(Material to process Opens)

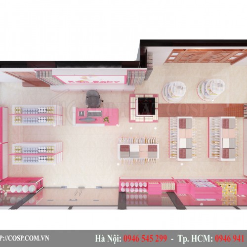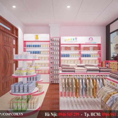 Đây thực sự là một thiết kế shop mẹ và bé hiện đại, đơn giản phải không? Vậy bạn còn chờ gì mà chưa liên hệ ngay với Nội thất Penviet để chúng tôi giúp bạn tạo dựng không gian kinh doanh của riêng mình!
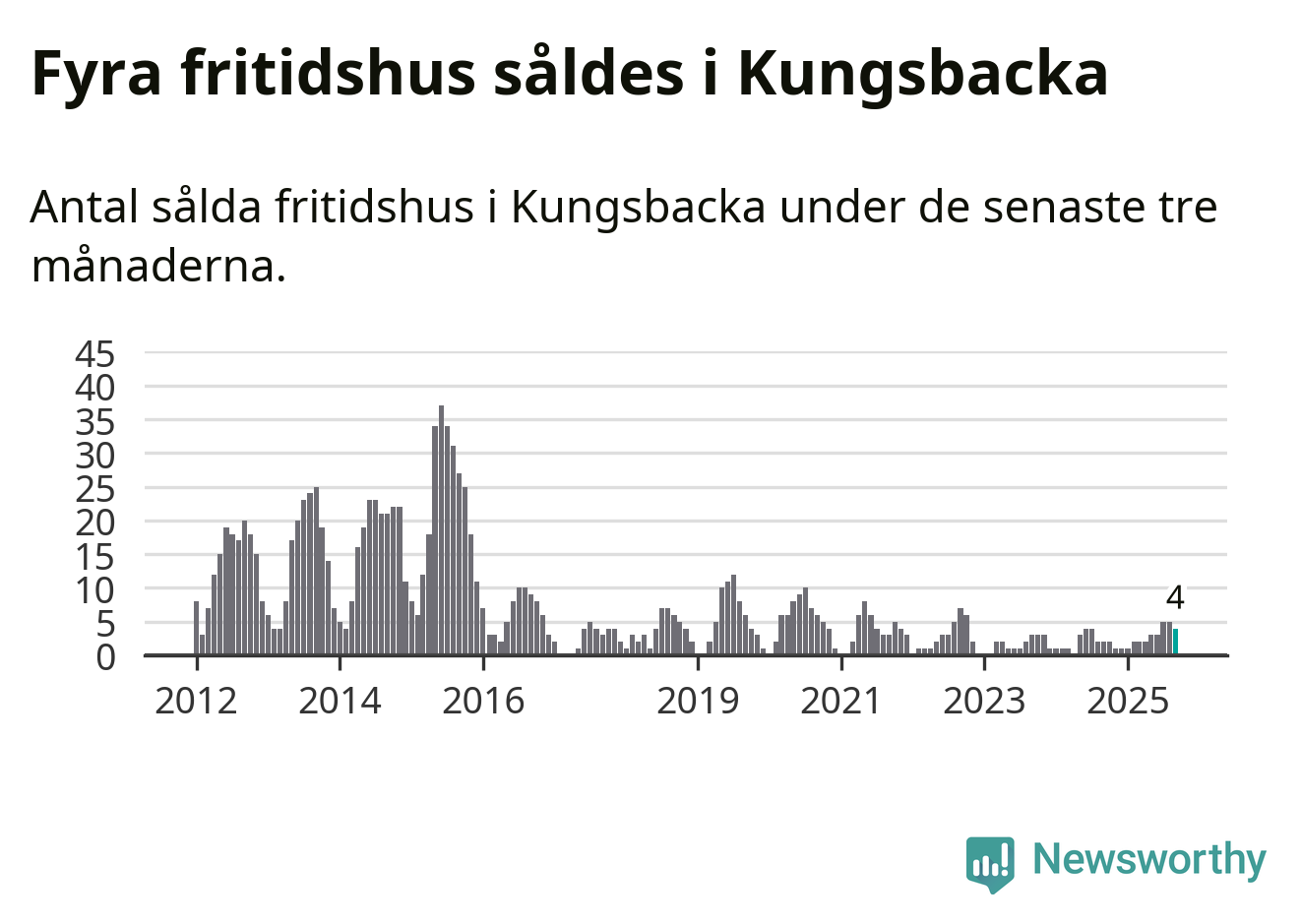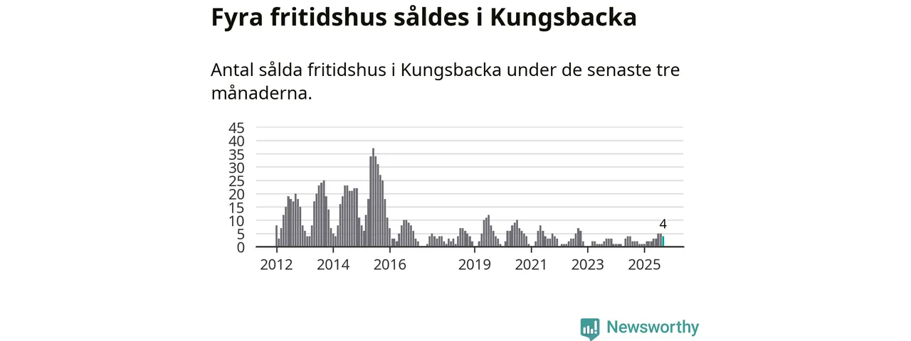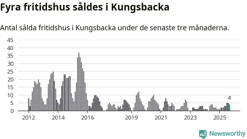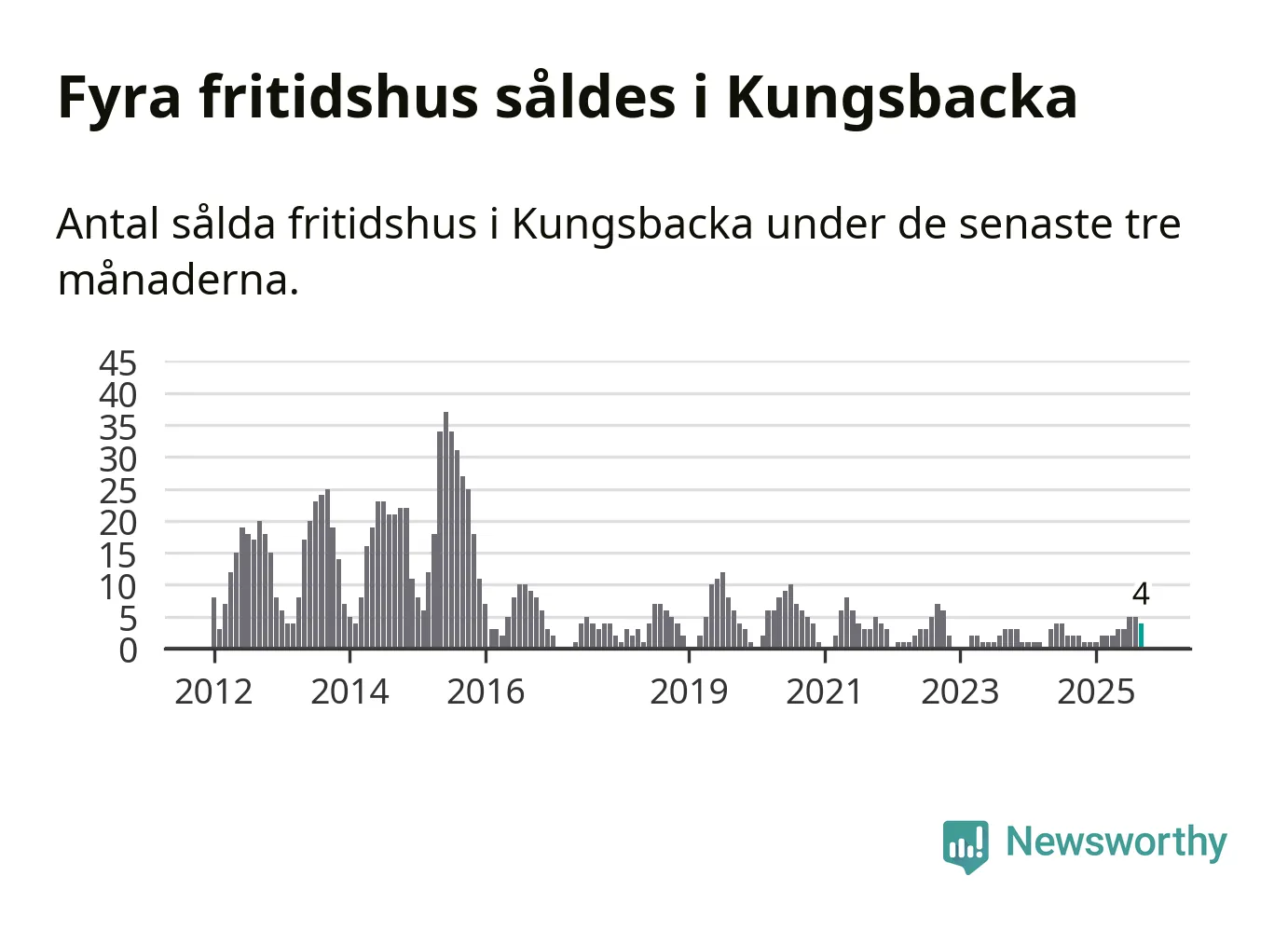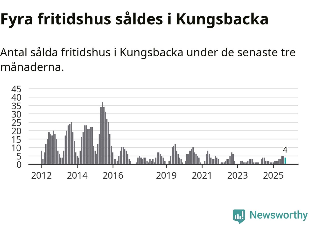 Mellan juli och september gjordes sammanlagt fyra affärer med fritidshus i Kungsbacka kommun. Det kan jämföras med två vid motsvarande tid i fjol.
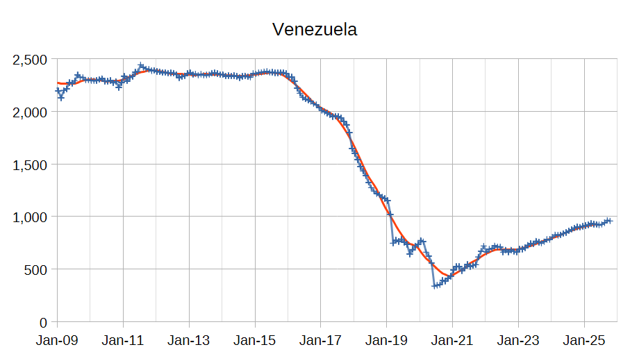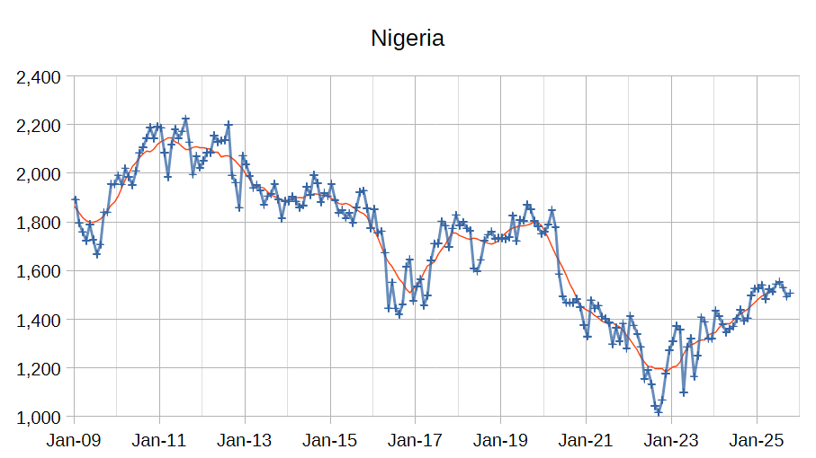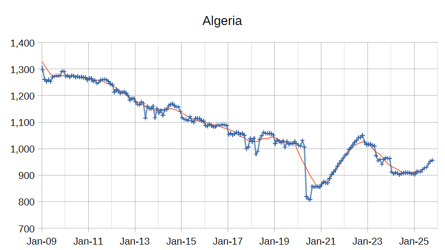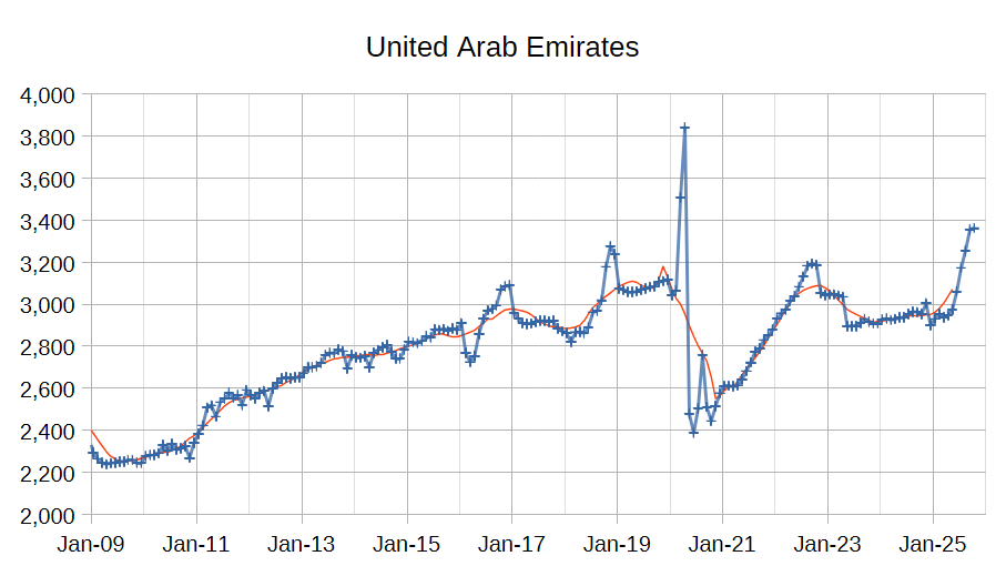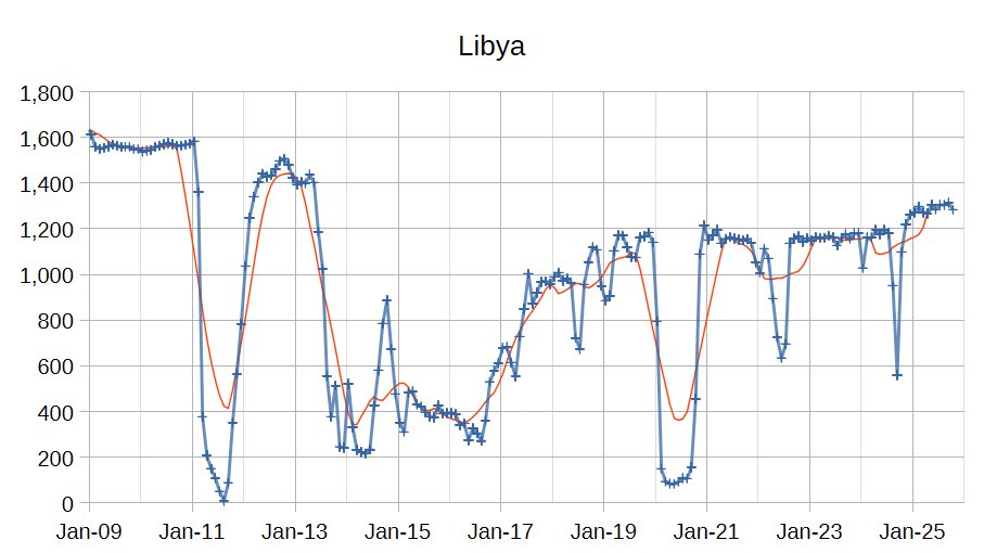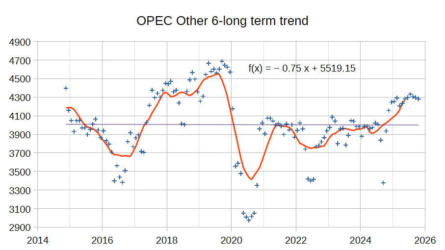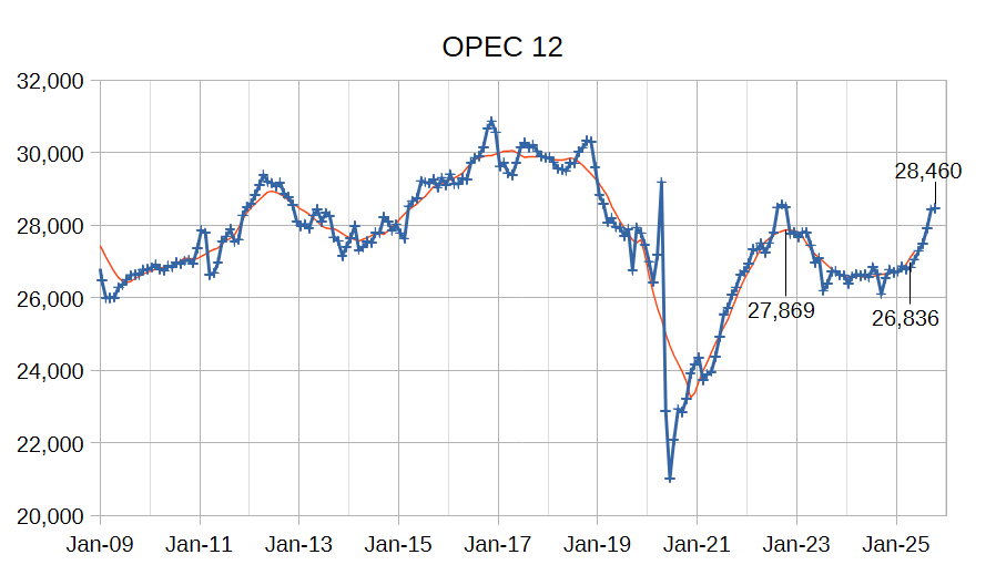 The OPEC Monthly Oil Market Report (MOMR) for November 2025 was published recently. The last month reported in most of the OPEC charts that follow is October 2025 and output reported for OPEC nations is crude oil output in thousands of barrels per day (kb/d). In the OPEC charts below the blue line with markers is monthly output and the thin red line is the centered twelve month average (CTMA) output.
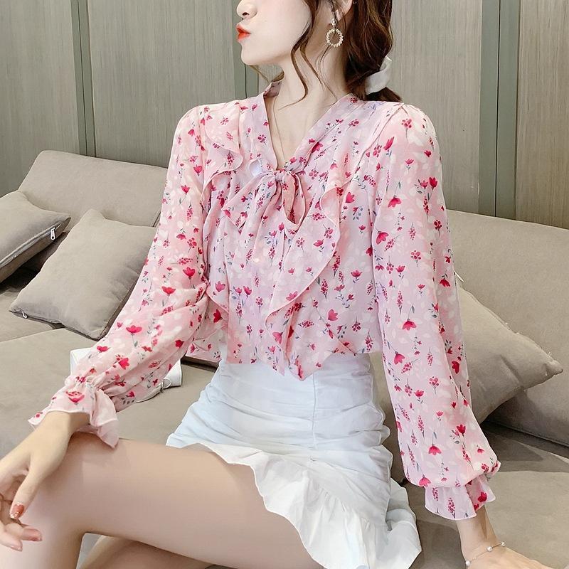 - 【ピンク★L】レディースリボン ブラウス シャツ 長袖
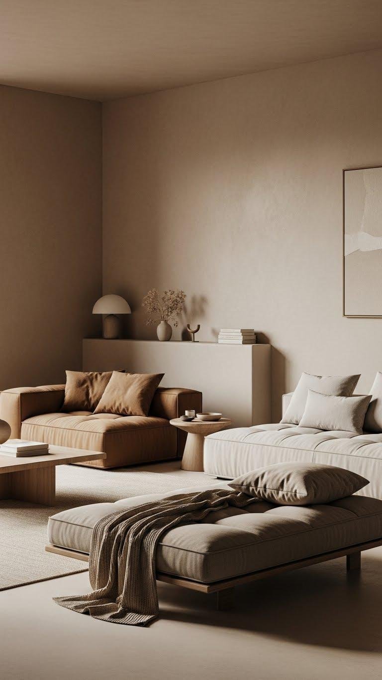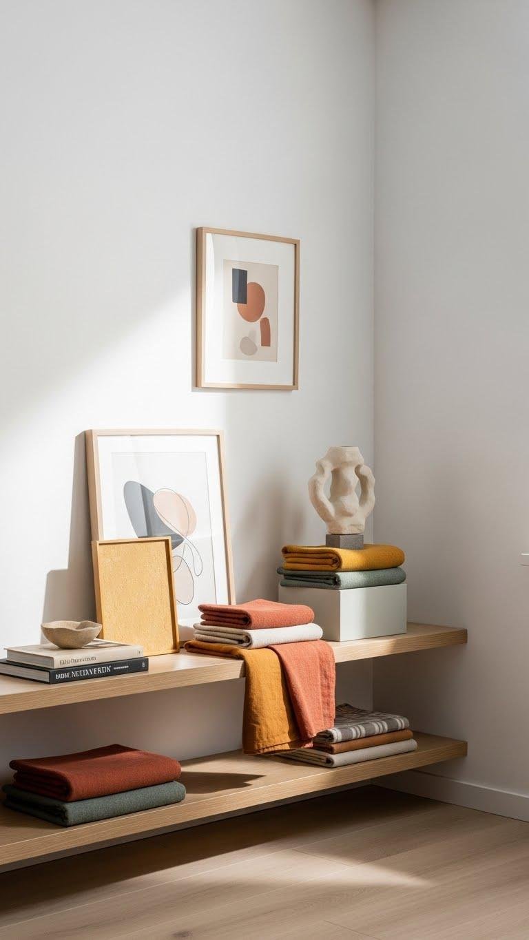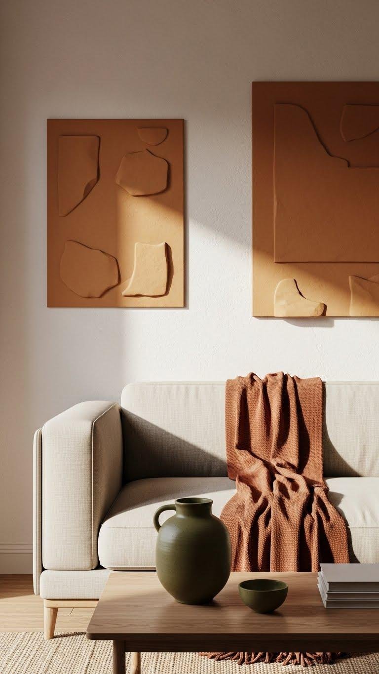 Use earthy contrasts to give depth: a single clay vase, a throw, or framed art.
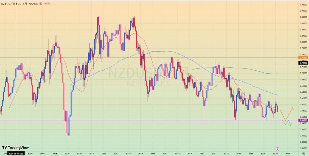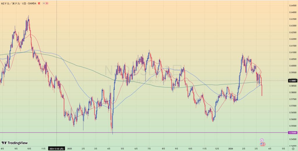 - 0.55水平線を背に下降トレンド中
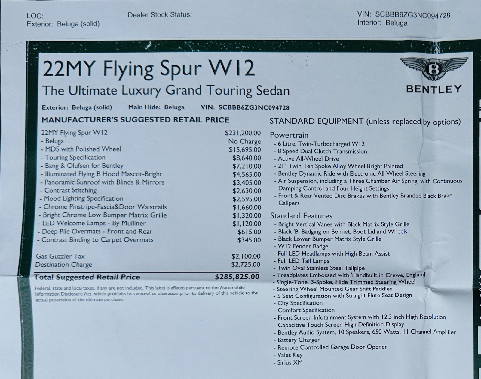 WITH 626 HORSEPOWER AND ALL THE LUXURY YOU COULD ASK FOR , THE FLYING SPUR IS ONE OF THE FINEST MACHINES EVER TO COME OUT OF THE BENTLEY FACTORY. AND WITH AN ORIGINAL STICKER PRICE OVER A QUARTER OF A MILLION DOLLARS IT IS A TREMENDOUS VALUE TODAY!
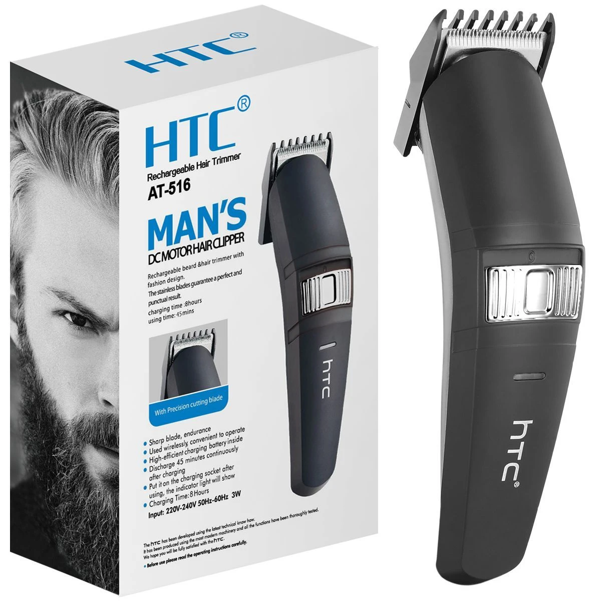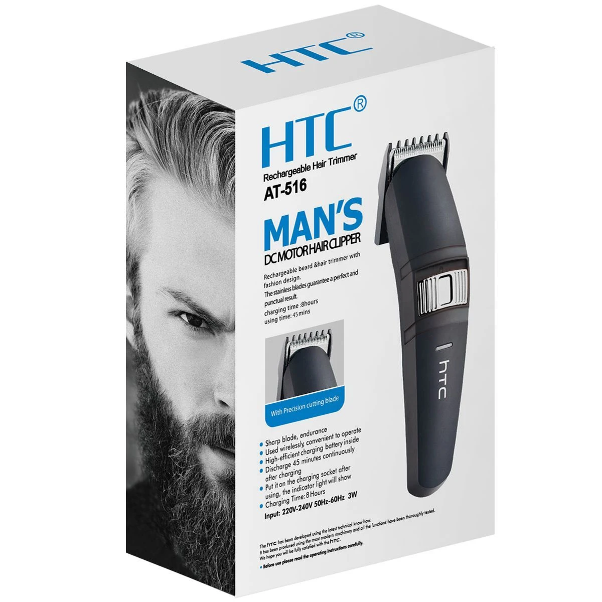 Машинка для стрижки волос HTC АТ-516. Цвет черный, время работы 45 мин, время заряда 8ч., 1 насадка , масло, щеточка, адаптер, индикатор заряда.
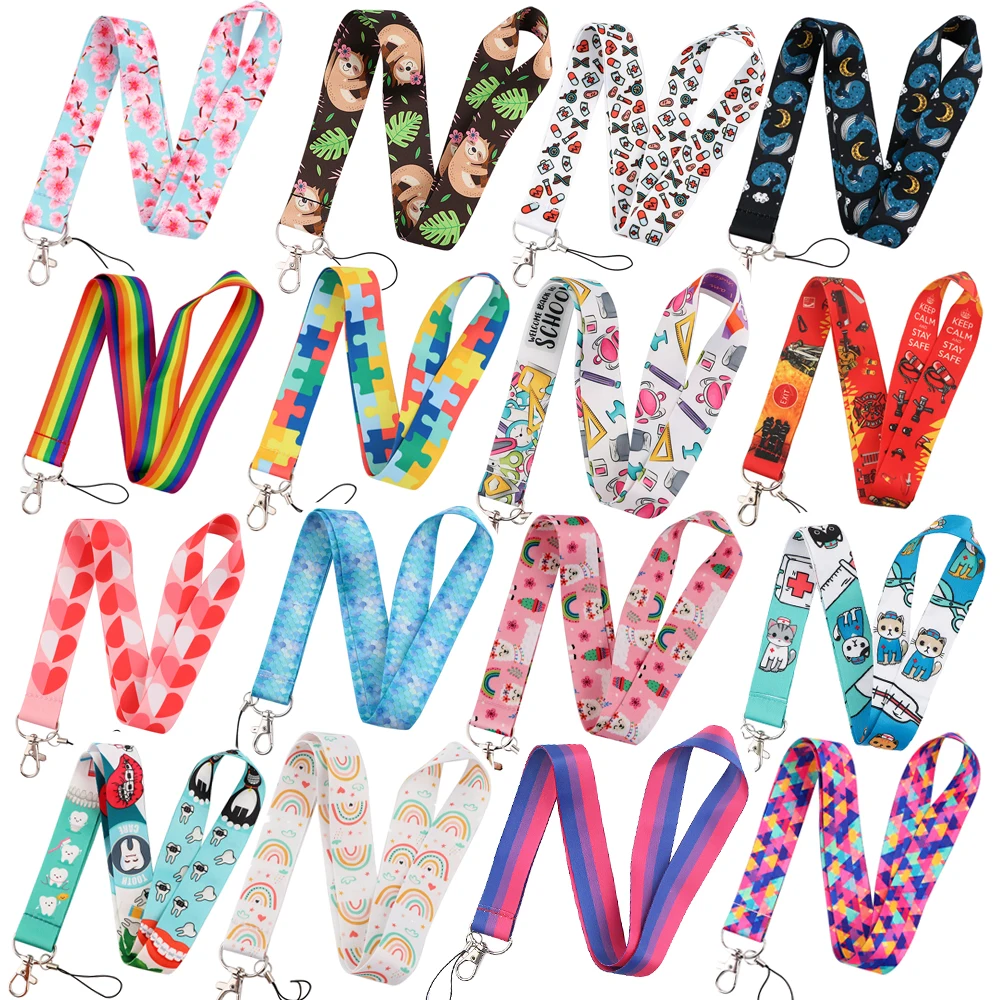 LT1118 100 стилей милые ремешки для Шеи Брелок держатель для ID карты пропуск веревка Лариат шнурок для ключей аксессуары
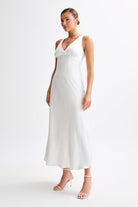 The MEGHAN Meghan Satin Maxi Dress epitomises timeless elegance and sophistication. Featuring a flattering V neckline and a discreet centre back invisible zip, this dress exudes understated charm and grace. Its maxi length adds a touch of allure, perfect for making a statement on any occasion. Enhanced with gathered under-bust detail, it ensures a flattering fit that complements your figure flawlessly. Lined for comfort, the Meghan dress is the epitome of effortless chic, allowing you to exude confidence and style with every step.
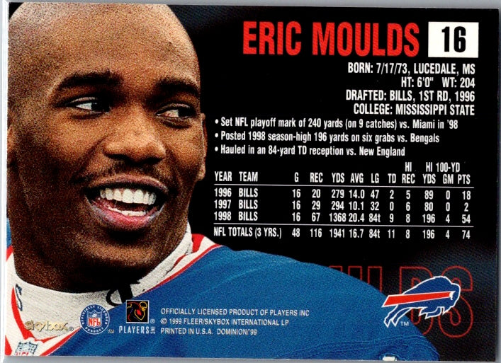 This is a really nice example of a 1999 SkyBox Dominion #16 Eric Moulds .

(Material to process Closes)

Requirement: What you give back should match the entries above exactly, except that pictures are dropped.

Solution for this exercise:
 Đây thực sự là một thiết kế shop mẹ và bé hiện đại, đơn giản phải không? Vậy bạn còn chờ gì mà chưa liên hệ ngay với Nội thất Penviet để chúng tôi giúp bạn tạo dựng không gian kinh doanh của riêng mình!
 Mellan juli och september gjordes sammanlagt fyra affärer med fritidshus i Kungsbacka kommun. Det kan jämföras med två vid motsvarande tid i fjol.
 The OPEC Monthly Oil Market Report (MOMR) for November 2025 was published recently. The last month reported in most of the OPEC charts that follow is October 2025 and output reported for OPEC nations is crude oil output in thousands of barrels per day (kb/d). In the OPEC charts below the blue line with markers is monthly output and the thin red line is the centered twelve month average (CTMA) output.
 - 【ピンク★L】レディースリボン ブラウス シャツ 長袖
 Use earthy contrasts to give depth: a single clay vase, a throw, or framed art.
 - 0.55水平線を背に下降トレンド中
 WITH 626 HORSEPOWER AND ALL THE LUXURY YOU COULD ASK FOR , THE FLYING SPUR IS ONE OF THE FINEST MACHINES EVER TO COME OUT OF THE BENTLEY FACTORY. AND WITH AN ORIGINAL STICKER PRICE OVER A QUARTER OF A MILLION DOLLARS IT IS A TREMENDOUS VALUE TODAY!
 Машинка для стрижки волос HTC АТ-516. Цвет черный, время работы 45 мин, время заряда 8ч., 1 насадка , масло, щеточка, адаптер, индикатор заряда.
 LT1118 100 стилей милые ремешки для Шеи Брелок держатель для ID карты пропуск веревка Лариат шнурок для ключей аксессуары
 The MEGHAN Meghan Satin Maxi Dress epitomises timeless elegance and sophistication. Featuring a flattering V neckline and a discreet centre back invisible zip, this dress exudes understated charm and grace. Its maxi length adds a touch of allure, perfect for making a statement on any occasion. Enhanced with gathered under-bust detail, it ensures a flattering fit that complements your figure flawlessly. Lined for comfort, the Meghan dress is the epitome of effortless chic, allowing you to exude confidence and style with every step.
 This is a really nice example of a 1999 SkyBox Dominion #16 Eric Moulds .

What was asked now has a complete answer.